Provided data START

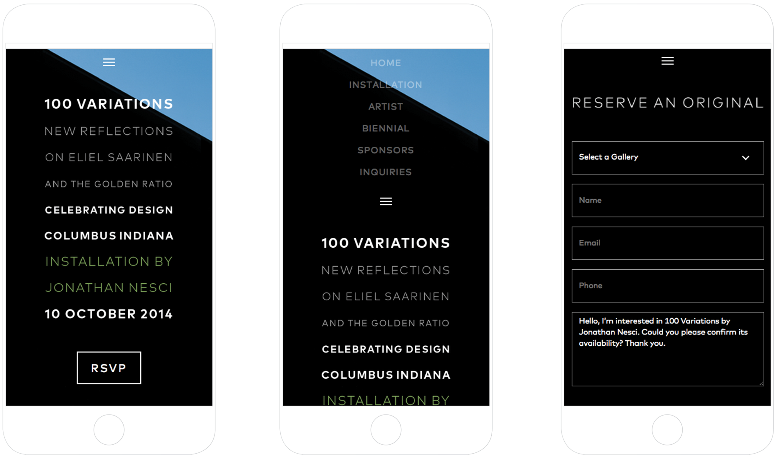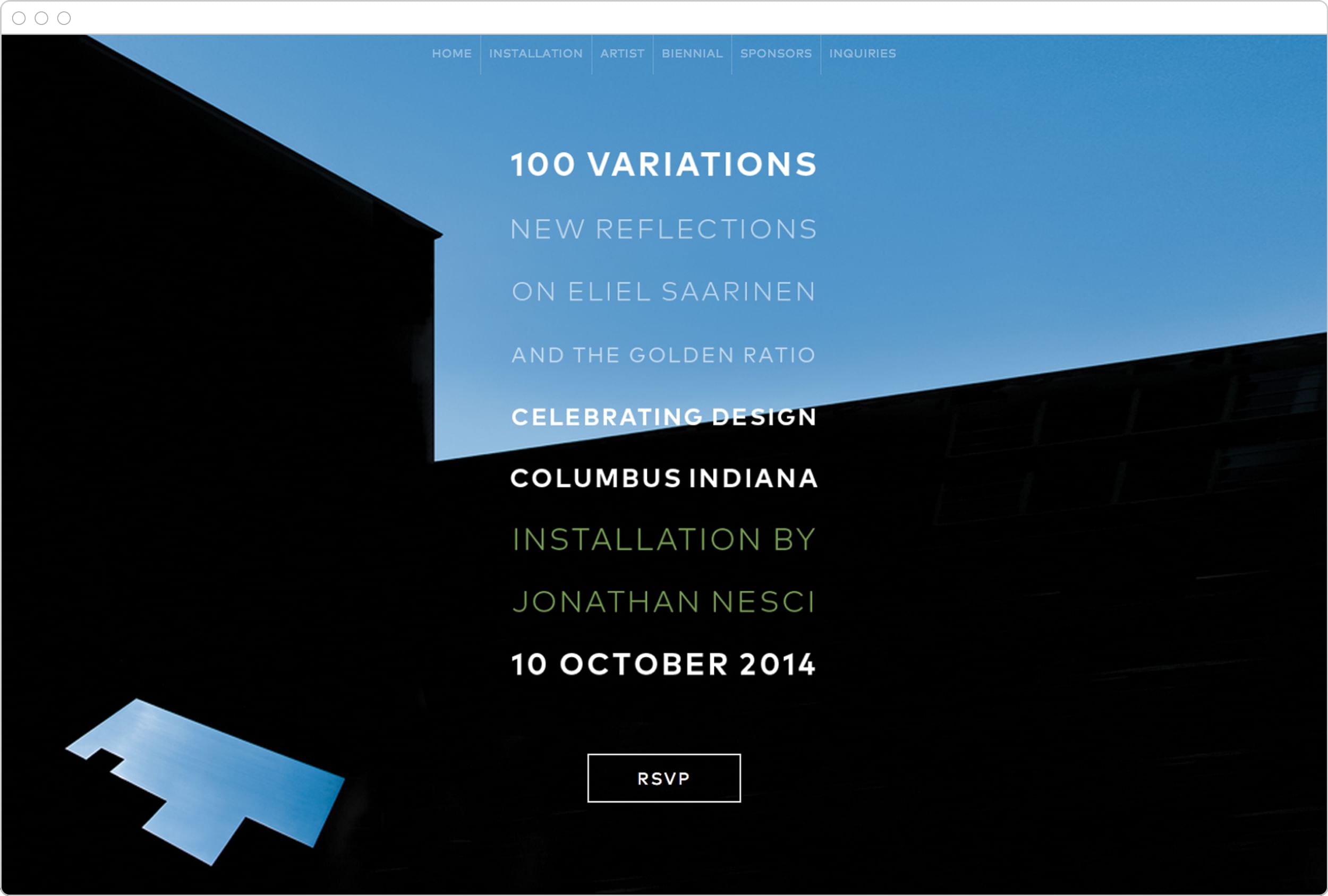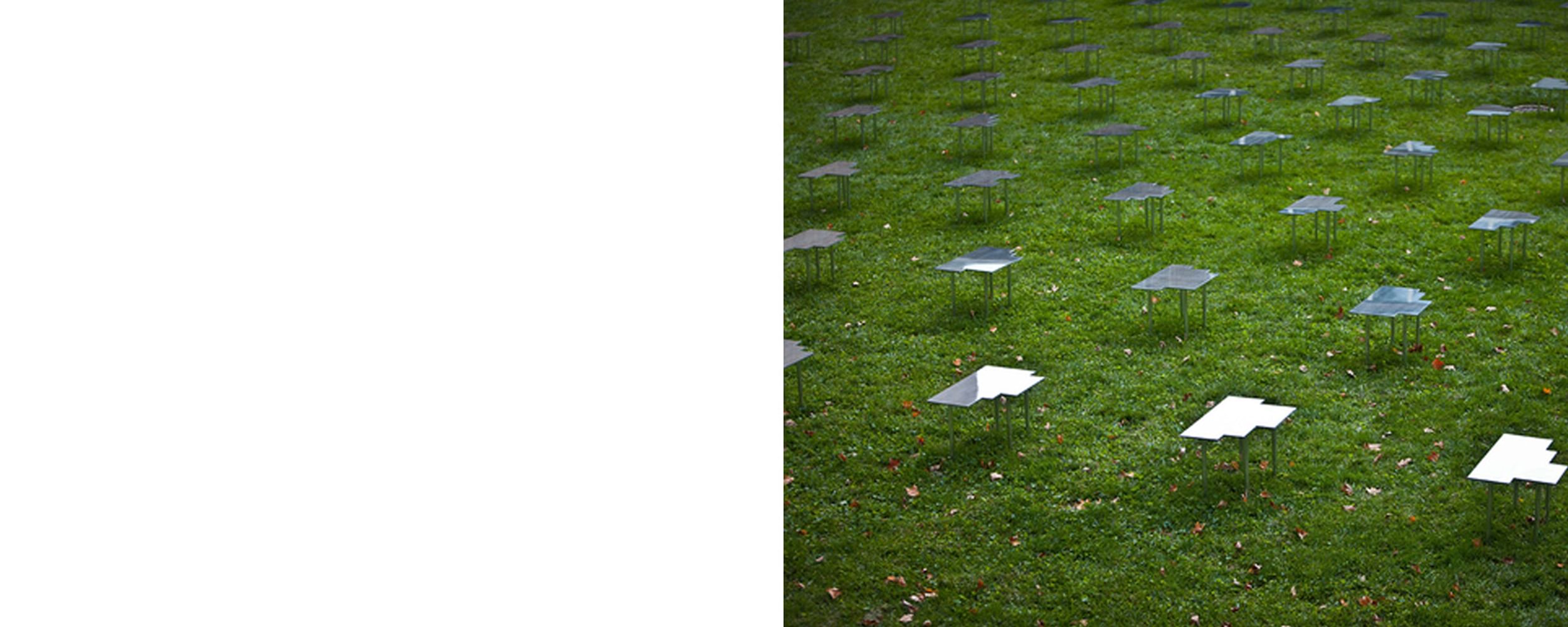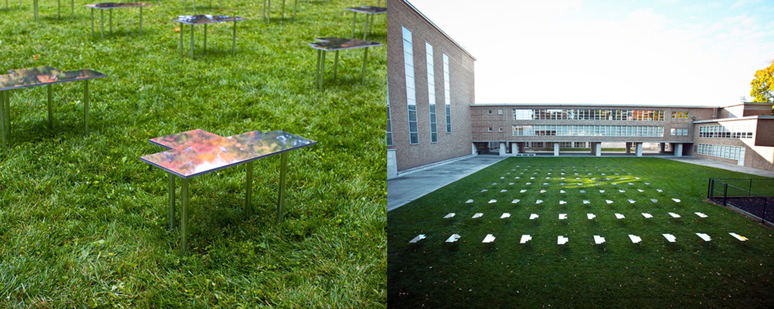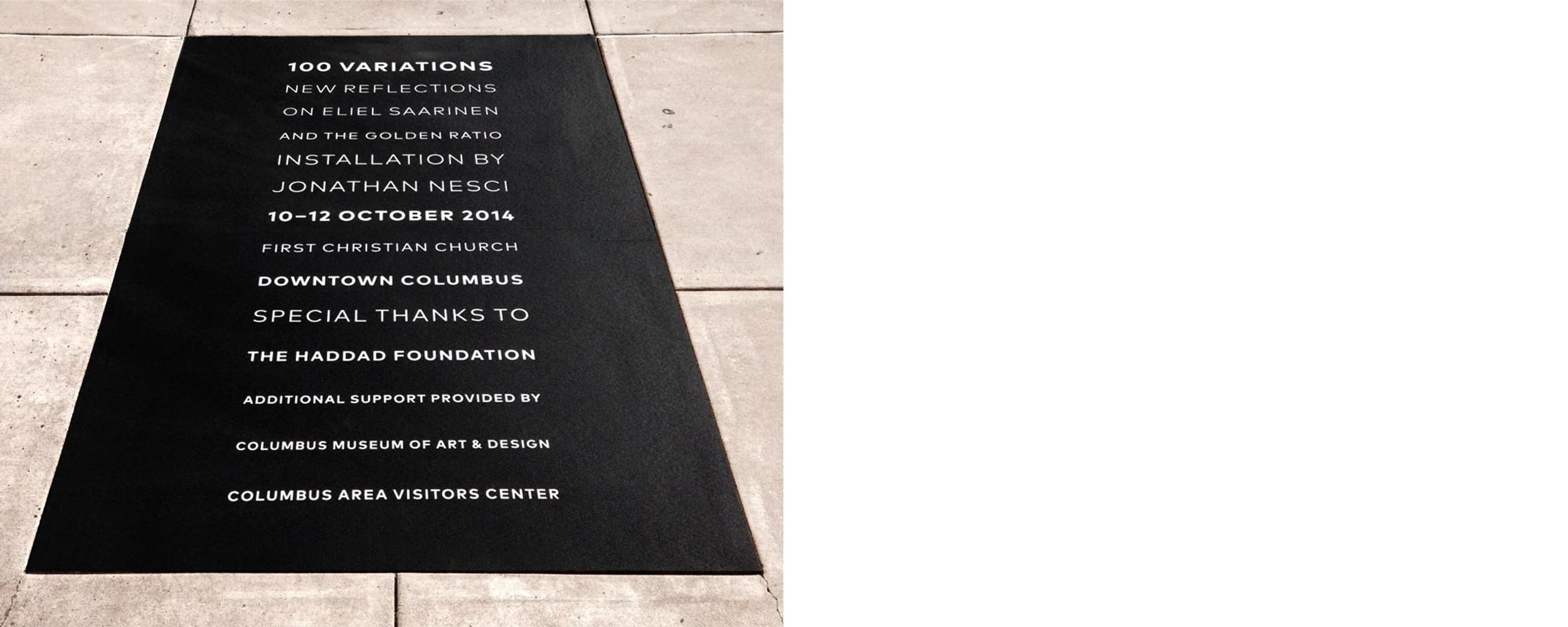 Thirst worked with artist Jonathan Nesci to foster and promote 100 Variations: New Reflections on Eliel Saarinen and the Golden Ratio. This site-specific installation consists of 100 unique aluminum-polished tables by the celebrated American designer, installed in the courtyard of First Christian Church by architect Eliel Saarinen. Each table profile follows a parametric grid based on the golden ratio.
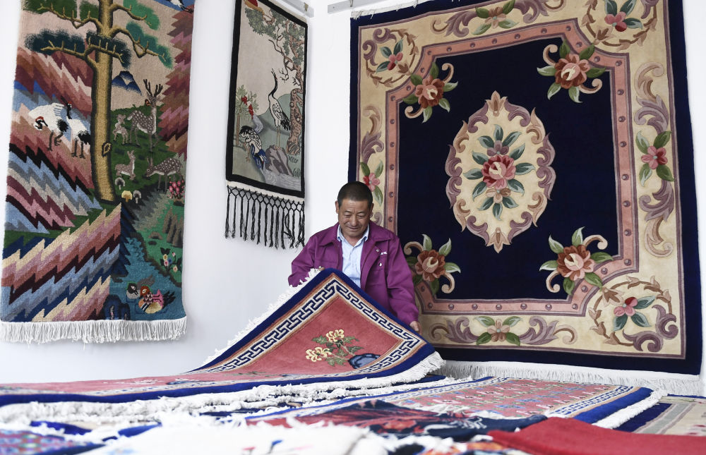 ↑6月5日,在西寧市湟中縣加牙村,國家級非物質(zhì)文化遺產(chǎn)項(xiàng)目加牙藏族織毯技藝傳承人楊永良在整理制作好的藏毯。
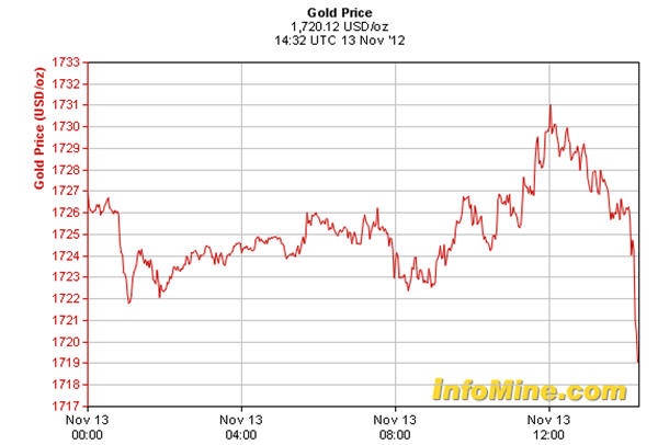 gold tumbles to $1720 an ounce MINING.COM Staff Writer | November 13, 2012 | 2:41 pm Share Comments Cancel replyYour email address will not be published. Required fields are marked * Save my name, email, and website in this browser for the next time I comment. Δ No comments found. More News Contract worker dies at Rio Tinto’s Simandou mine in Guinea Last August, a contract worker died in an incident at the same mine. February 16, 2026 | 06:20 am {{ commodity.name }} {{ post.title }} {{ post.excerpt }} {{ post.date }} First < {{ page }} > Last

Provided data END

Task instructions =
Print the whole listing above once more, word for word, without its pictures.

Response to this exercise =
 Thirst worked with artist Jonathan Nesci to foster and promote 100 Variations: New Reflections on Eliel Saarinen and the Golden Ratio. This site-specific installation consists of 100 unique aluminum-polished tables by the celebrated American designer, installed in the courtyard of First Christian Church by architect Eliel Saarinen. Each table profile follows a parametric grid based on the golden ratio.
 ↑6月5日,在西寧市湟中縣加牙村,國家級非物質(zhì)文化遺產(chǎn)項(xiàng)目加牙藏族織毯技藝傳承人楊永良在整理制作好的藏毯。
 gold tumbles to $1720 an ounce MINING.COM Staff Writer | November 13, 2012 | 2:41 pm Share Comments Cancel replyYour email address will not be published. Required fields are marked * Save my name, email, and website in this browser for the next time I comment. Δ No comments found. More News Contract worker dies at Rio Tinto’s Simandou mine in Guinea Last August, a contract worker died in an incident at the same mine. February 16, 2026 | 06:20 am {{ commodity.name }} {{ post.title }} {{ post.excerpt }} {{ post.date }} First < {{ page }} > Last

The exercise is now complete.